The software was introduced in Belgium before expanding to Germany in 2020. In 2025, Norwegian software group Visma acquired a minority stake in Accountable SA.

==History==
Accountable was develooped in Brussels by Nicolas Quarré, Alexis Eggermont and Hassan Ayed. The software was available in Belgium by 2018, when the company raised €1.7 million in a funding round led by Connect Ventures. Its early features included bank-account integration, invoicing, receipt scanning and tools for managing taxes.

The company entered the German market in April 2020. It raised €5.7 million in Series A financing in 2021, when it reported more than 10,000 users in Belgium and Germany. Additional investment brought the total Series A financing to €10 million in 2022.

In April 2025, Visma acquired a minority stake in the company. It had about 60,000 users and around 60 employees at the time.
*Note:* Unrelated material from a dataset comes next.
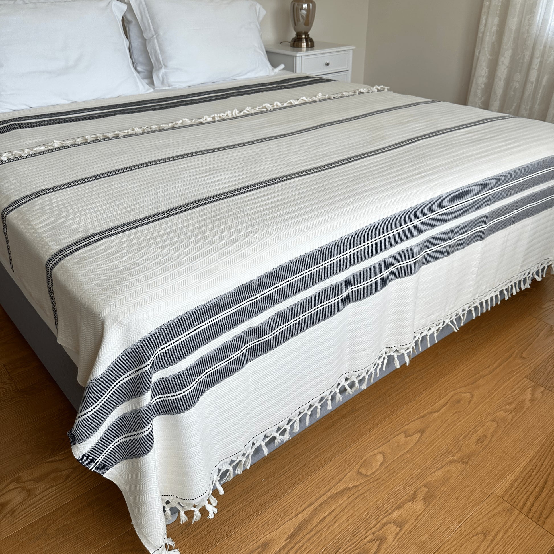 Our Costa Turkish Blanket is woven from the finest long-staple Turkish cotton. So cozy and versatile, the Costa Blanket is the perfect accent for the bedroom in your home. Loomed from yarn died, %100 long-staple Premium Turkish Cotton Exceptionally soft and cozy Adds a touch of sophistication and warmth to your space Free of harmful chemicals and dies Suitable for King or Queen size beds Made in Turkey ______________________________________________ Materials: 100% Premium Turkish Cotton Size: 78”x94" Weight: 1300gr/46oz Care: Machine wash cold or up to 30℃ in gentle cycle. Avoid fabric softeners, dryer sheets and bleach. Air Dry or Tumble Dry low heat in gentle cycle. We recommend Air Dry as Turkish towels air dry quickly, so you may hang them to dry. Handcrafted by Olive and Linen ______________________________________________

Belgium remained its largest source of revenue, while Germany was its faster-growing market.

==Software and services==
Accountable is designed primarily for freelancers, sole traders and other self-employed. Users can connect bank accounts, record receipts and business expenses, create invoices and prepare tax returns.

In February 2026, Accountable launched an integrated professional bank account in Belgium, allowing banking and accounting functions to be managed from the same platform.

In Germany, Accountable introduced an AI-based tax assistant in October 2023.

==Legal dispute over AI tax adviser==
In late 2025, the Berlin Chamber of Tax Advisers (Steuerberaterkammer Berlin) objected to Accountable's use of the term KI-Steuerberater. The chamber argued that the designation could violate German rules protecting the professional title Steuerberater.

Accountable disputed the allegations and announced that it would defend the case. The dispute received wider attention as a test of how professional regulations apply to artificial-intelligence services in regulated occupations. The proceedings remained pending in September 2026.